Access Panel Construction Tips

By Bill Schertz,  KIS Cruiser #4045


Construction of an access panel after the Elevator or Aileron is closed off.

I did this with my Elevator, don't see why it wouldn't work with Aileron. Since the control surface is closed off, you have to do everything from one side only. The problem is how to get a nice flush flange on the underside of the panel surface, working only from the outside.

I installed a Mac servo with 1" of travel for the elevator trim.

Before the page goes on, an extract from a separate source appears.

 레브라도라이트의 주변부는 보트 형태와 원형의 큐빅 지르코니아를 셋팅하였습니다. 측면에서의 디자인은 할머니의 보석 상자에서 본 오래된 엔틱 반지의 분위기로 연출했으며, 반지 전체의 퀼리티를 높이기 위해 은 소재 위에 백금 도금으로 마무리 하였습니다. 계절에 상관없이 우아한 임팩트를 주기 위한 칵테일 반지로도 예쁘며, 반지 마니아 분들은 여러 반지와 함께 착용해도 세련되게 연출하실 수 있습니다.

I determined that I wanted a 3"x3" opening, therefore need to cut a 4"x4" opening in the skin to allow for a 1/2" flange.

 

I fabricated an insert that could be folded into smaller size, that could be put in through the 4" hole, and would support the fiberglass layup while it cured. See drawing below.

I also cut a piece of plywood that is the SAME dimensions of the opening (4"x4"), and had matching holes for the alignment pins, actually I positioned the 4x4 onto the 5.5x5.5 piece, and then drilled all the holes at one time. This ensures that the pieces will line up properly when assembled in the control surface. I then covered the entire surface of both pieces of plywood with clear packing tape to act as a release agent.

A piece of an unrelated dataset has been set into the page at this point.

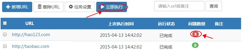 ???????步驟3:勾選url點(diǎn)擊“立即執(zhí)行”,運(yùn)行完成后顯示出問題數(shù)量,如下圖所示: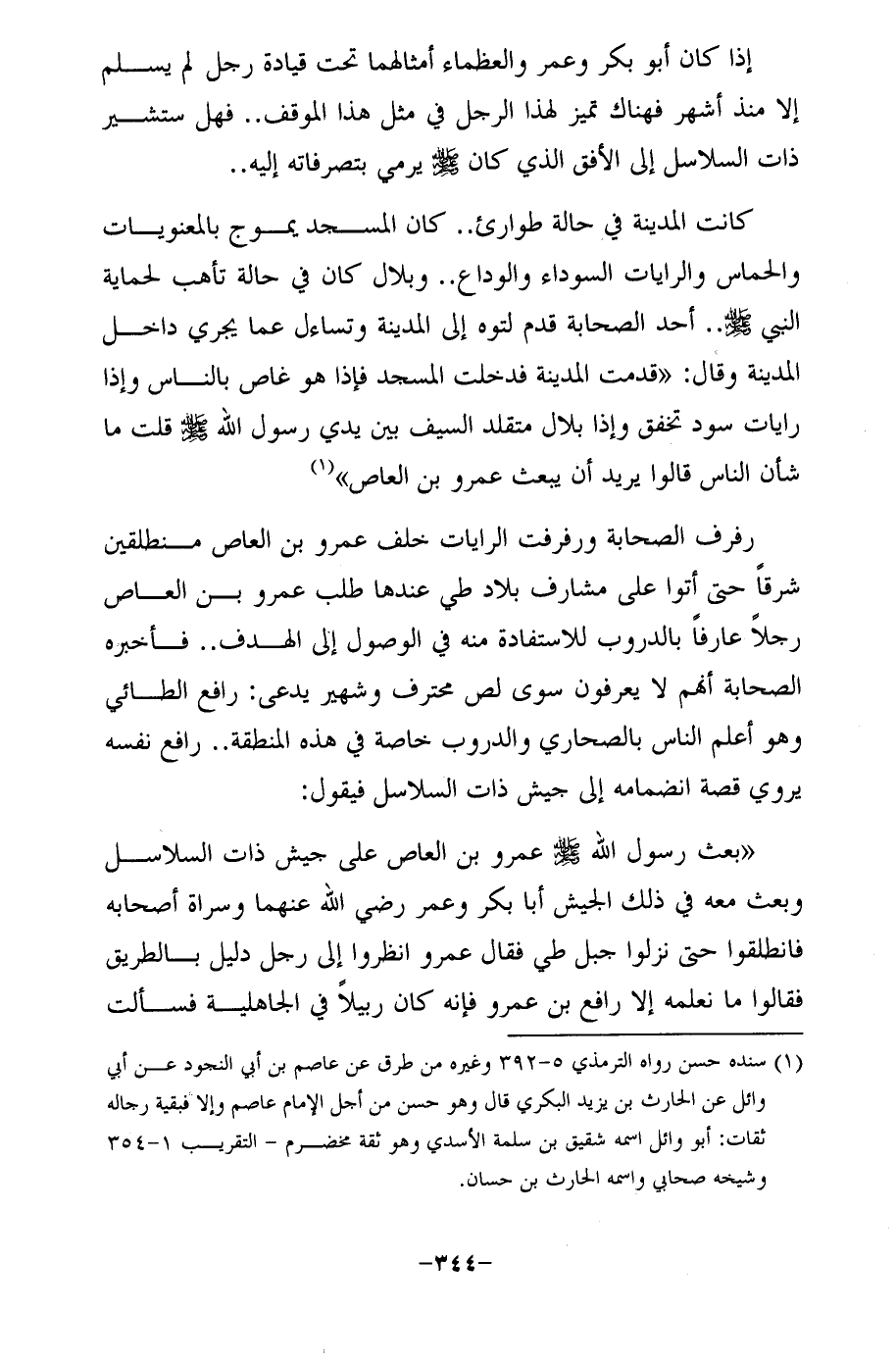 "بعث رسول الله -صلى الله عليه وسلم-عمرو بن العاص على جيش ذات السلاسل وبعث معه في ذلك الجيش أبا بكر وعمر رضي الله عنهما وسراة أصحابه فانطلقوا حتى نزلوا جبل طي فقال عمرو انظروا إلى رجل دليل بالطريق فقالوا ما نعلمه إلا رافع بن عمرو فإنه كان ربيلًا في الجاهلية فسألت

The device when assembled looks like this:

To use,

Make up a 3-ply bid between plastic sheets on your work bench, and cut it out to 5.5"x5.5" square. Cut out the center and cut the center diagonally into 4 parts that can be placed on the remaining as corner reinforcements.

Lay all this on the bottom part of the fixture, and then fold the bottom fixture sufficiently that you can slide it through the opening in the control surface. With it laying (unfolded) on the bottom of the opening, lay on a piece of peel ply (optional, but gives a nice surface to the completed flange that is exposed), insert the top of the fixture over the dowel pins, and fasten with some short screws. This clamps the area of the flange tightly, and presses the peel-ply into the surface. Bring the peel ply up through the hole as you pull the fixture into position, you don't want it to get between the control surface skin and the flange, only over the surface of the flange. I found it easier to just wrap the insert piece with the peel ply and tape it down on the top surface, sort of like wrapping a package.

Then grab the long dowel, and pull the fixture up into position. To hold it tightly against the bottom of the skin, I positioned a piece of plywood over the opening, with a hole (~1/2") that the dowel could easily pass through, and then drove a long screw through the plywood into the fixture to draw it up tight., see below.